Book Alerts

How It All Began (Penelope Lively, 2012)

There is a small group of authors that I am so fond of that I cannot wait for the paperback. I buy the hardcover book (or, more recently, download it to my Kindle) at once—no waiting. Penelope Lively is one of those authors. When you read many books by the same author, you sometimes uncover a story told again and again with different characters in different settings, but the central theme comes back again and again as though the author is still puzzling it out from different angles. Lively seems to have a fascination with “What if?” In her 2005 book, Making It Up, she looks at various turning points in her own life and imagines what would have happened if she had taken a direction different from the one she did. What if she hadn’t escaped from Cairo as World War II was breaking out? What if she’d become pregnant at 18? She looks at stories that could have been hers. In her latest novel, How It All Began, she takes a major event in the life of the main character, Charlotte Rainsford, a retired schoolteacher, and examines how a single event does change the direction not only of Charlotte’s life but of the lives of her family, friends and acquaintances, and people she has never even met. When she is mugged on a London street by a petty thief and breaks her hip, her move into the home of her daughter and son-in-law as she recovers is like a pebble in a pond . . . its circles of change spreading out to touch many, some casually, some deeply.

Cheryl Iverson

Indivisible by Four: A String Quartet in Pursuit of Harmony (Arnold Steinhardt, 2000)

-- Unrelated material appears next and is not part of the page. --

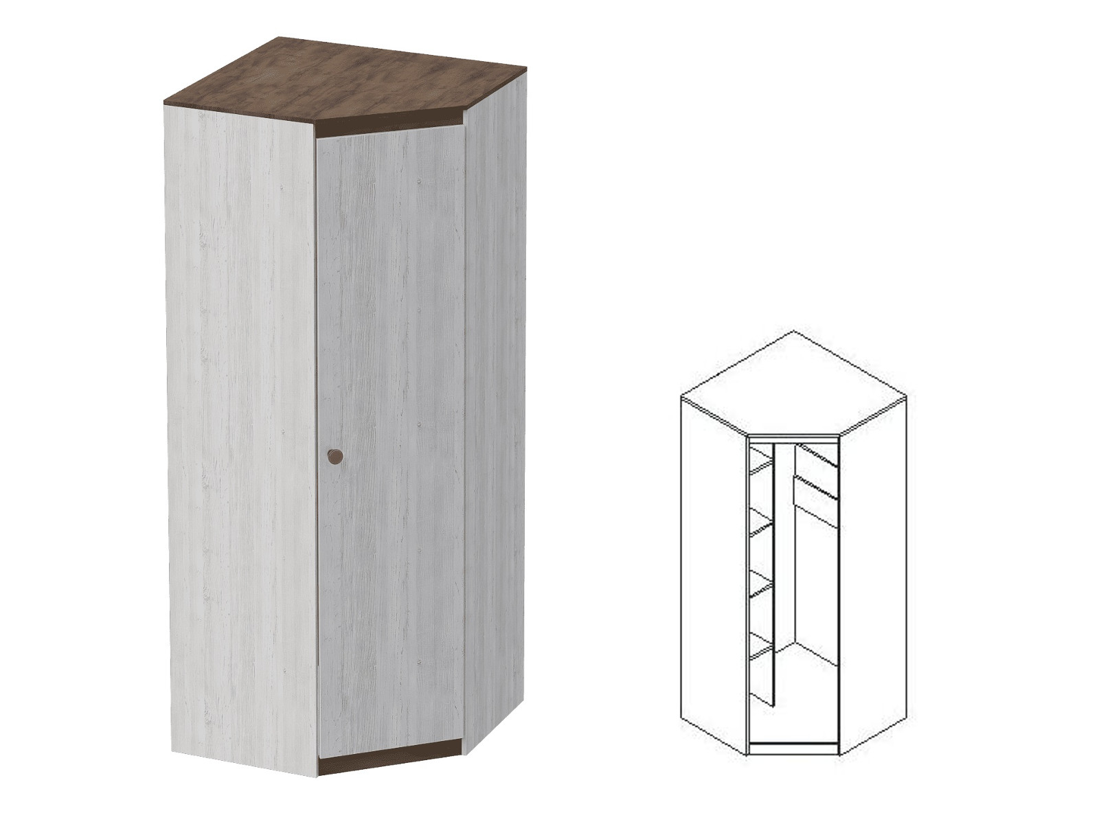 Состоит из двух отделений: 1- для белья с четырьмя полками; 2 - платяное с одной полкой и штангой для одежды

Except for my annual participation in Chicago’s “Do-It-Yourself Messiah”, for me music is a spectator sport. What fun it was to read this book about someone for whom it is a way of life and for whom it provides a living! Arnold Steinhardt was for over 25 years a violinist in the Guarneri Quartet. In this book, Steinhardt examines his own path to this life—from student, to orchestra player, then soloist, and, finally, “at home” as a player of chamber music. The book examines his individual journey at the same time that it describes the relationship of the ensemble.

Cheryl Iverson

Blame (Michelle Huneven, 2009)

As an editor who reads and edits a lot of dialogue, I appreciate a novelist with a deft hand, such as that seen in Blame. The author manages to create smooth, almost faultless transitions from spoken to unspoken discourse without the use of quotation marks but simply with well-chosen words. Blame’s protagonist is Patsy MacLemoore, a late 20-something professor of history and a serial alcoholic who is convicted of “criminal negligence resulting in loss of life”— two lives, that is, those of a young mother and her 12-year-old daughter, hit and run over in Patsy’s driveway and with Patsy’s Mercedes. After 2 years in prison, Patsy embarks on getting sober, making amends, and transforming her life until, years later, a remarkable and unexpected revelation changes everything. This thought-provoking and memorable novel will stay with you for many years to come.